Posted on 07/27/2006 7:05:56 AM PDT by raccoonradio

CBS4) BOSTON: Turnpike Chairman Matt Amorello has agreed to resign, effective August 15th. CBS4's Jon Keller has also learned Amorello will also relinquish his spot on the turnpike board.

Amorello announced his decision around 8 a.m. Thursday, an hour before a scheduled hearing in the governor's office during which Gov. Mitt Romney planned to seek his removal. He lost a bid in the state's highest court Wednesday to postpone the hearing and his ultimate dismissal.

"I think this is good news for the commonwealth, the right step for Matt Amorello to have taken," Romney said. "Clearly it will save the taxpayers and the rate-payers the cost of an extensive legal battle, and it also allows the citizens and toll-payers to have confidence again in the Turnpike Authority and new leadership that will be installed."

Amorello's resignation will be effective Aug. 15, but he will continue to receive his $223,000 annual salary through Feb. 15. Lawyers for Amorello and Romney hammered out details of his resignation late Wednesday, after Supreme Judicial Court Justice Francis X. Spina ruled Romney could go forward with the administrative process to remove Amorello.

The governor said the deal was signed Thursday morning.

Romney reiterated his plans to launch a nationwide search for a new leader of the Turnpike Authority who won't come out of the political arena but instead has relevant transportation experience. He said he did not have anyone specific in mind and had no timetable.

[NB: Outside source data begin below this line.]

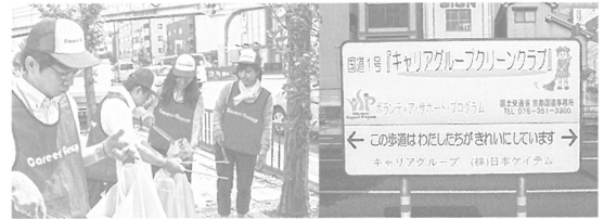
※写真は弊社グループ会社での活動風景です

またクリーン活動以外でも社会に貢献出来る事を常に考えていき、CSR活動については今後も活発的に活動をしていき、企業としての責任を全うしていきたいと考えております。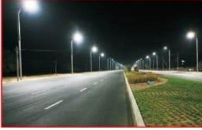
संपुर्ण प्रोजेक्टला असणार स्ट्रीट लाईट व इलेक्ट्रीक लाईन व व्यवस्था जी तुम्हाला देईल सुरक्षमी हमी ।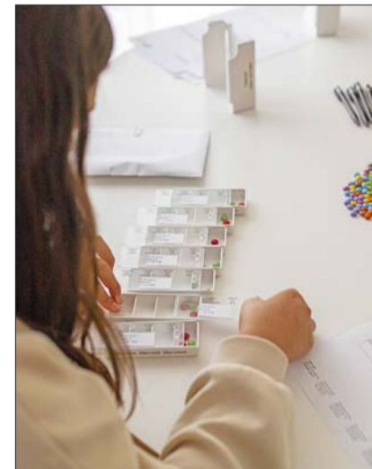
Bei verschiedenen Posten lernten die Schülerinnen und Schüler die Pflegeberufe und die Spitex ABS kennen.

Anfang Mai fand in der Schweiz die Woche der Berufsbildung statt, während der auch die Spitex Allschwil Binningen Schönenbuch als Ausbildungsbetrieb ihre Türen öffnete. Insgesamt 20 Schülerinnen und Schüler aus dem Kanton Baselland nutzten die Gelegenheit, die Pflegeberufe und die Spitex Allschwil Binningen Schönenbuch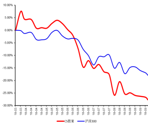
最近6个月行业指数与沪深300指数比较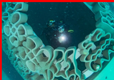
Outre ses vertus écologiques, le design de ce gigantesque récif artificiel répond aussi aux attentes des clubs de plongée.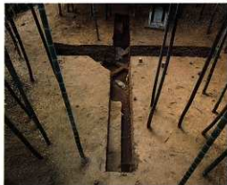
図9 後円部墳頂トレンチ(第2次調査、南から)

石室の裏込めには主に粘質土を使用する。しまりが良く、粘性があり、大きな礫を含まない黄褐色系と茶褐色系の土を細かい単位で交互に積んでいる。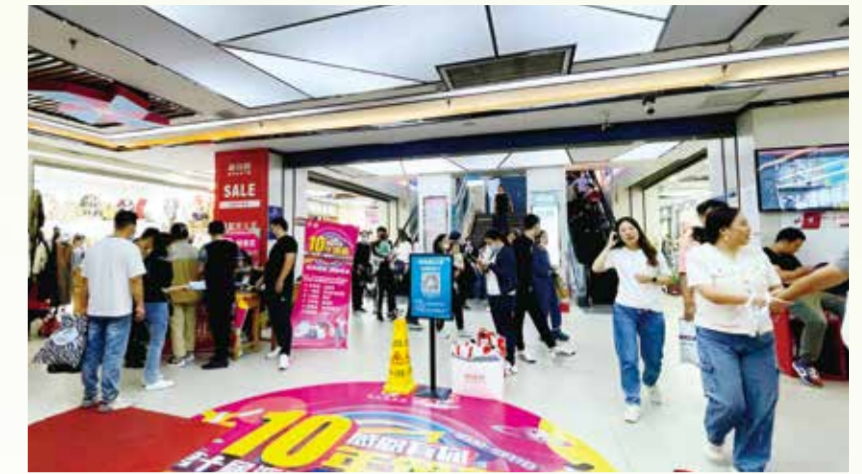
山东纺织以更多活动进一步促进消费复苏。

域的角度建议到，当前数字技术催生了消费新业态新模式，为流通领域带来新的挑战，未来要紧抓数智化转型的机遇，依托信息化技术手段，推动市场数字化、信息化、智慧化转型，满足消费者多元化、个性化、定制化的消费需求，推动消费结构优化升级，赋能工业生产环节，为消费升级提供强有力的支撑。在扩大内需方面，稳经济大盘的过程中，应充分发挥流通引导生产、促进消费的作用，不断打通流通领域的堵点、断点和痛点，增加品牌商品和高品质商品的销售，带动更多线上平台和线下商业、服务业企业参与其中，通过数字化赋能共建全渠道业务平台，促进线上线下融合发展，从强调发挥商业价值、产业价值，进一步延伸到更好地发挥社会价值。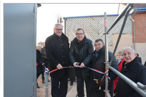
Inauguration de la chaufferie de Zudausques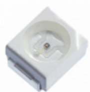
XZTHI45S SunLED EMITTER IR 880NM 50MA PLCC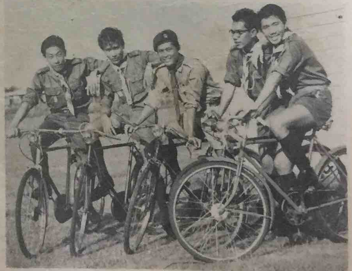
Enam orang Pengakap2 Kanan dari Seria telah mengembara ka-Bangkok, Thailand dengan menaiki basikal baharu2 ini. Lima daripada enam orang Pengakap2 tersebut kelihatan dalam gambar ini tidak beberapa lama sa-belum mereka pergi ka-Bangkok.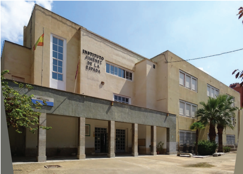
[Fig. 9]. INSTITUTO JIMÉNEZ DE LA ESPADA, PROYECTADO POR LORENZO ROS COSTA EN 1944.

mayor altura de los edificios y el aprovechamiento exhaustivo del volumen. Sin embargo, los materiales interiores y cerramientos perderán calidad y pondrán en evidencia su bajo costo. [Fig. 10]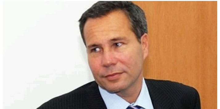
Profunda consternación de Daia por la muerte de Nisman.

Para el dirigente de Daia, es demasiado pronto para emitir juicios. Sin embargo visualizó “un antes y un después en la causa Amia. A nivel institucional será un hito, por las circunstancias en que se dio. Nisman había hecho una denuncia muy fuerte hace unos días, y que ahora aparezca muerto, es un golpe muy fuerte. Más allá del tema procesal, y de la causa misma, hay una cuestión institucional y política que excedía la denuncia, y hoy creo que esa cuestión está más presente que nunca”.

"It will be a person who comes to the job to do a professional, workman-like leadership role in a very important position, but not somebody who's a long-term politician and knows how the wheels of politics turn," Romney said. "I want somebody who knows how the wheels of automobiles and trucks turn and how engineers can do a fine job finishing the work of the Big Dig."

Amorello, 48, a former state senator and failed congressional candidate who served as Massachusetts Highway Commissioner, was appointed to head the Turnpike in February 2002 by Romney's predecessor, acting Gov. Jane Swift.

Calls for his resignation intensified after ceiling panels from a Big Dig tunnel crushed a car July 10, killing a 39-year-old Boston woman.

The collapse led to the closing of nearby tunnel sections and restricted traffic in the nearby Ted Williams harbor tunnel while engineers investigate the cause and devise fixes. The focus has been on epoxy-bolt fasteners that anchored the ceiling panels in those areas.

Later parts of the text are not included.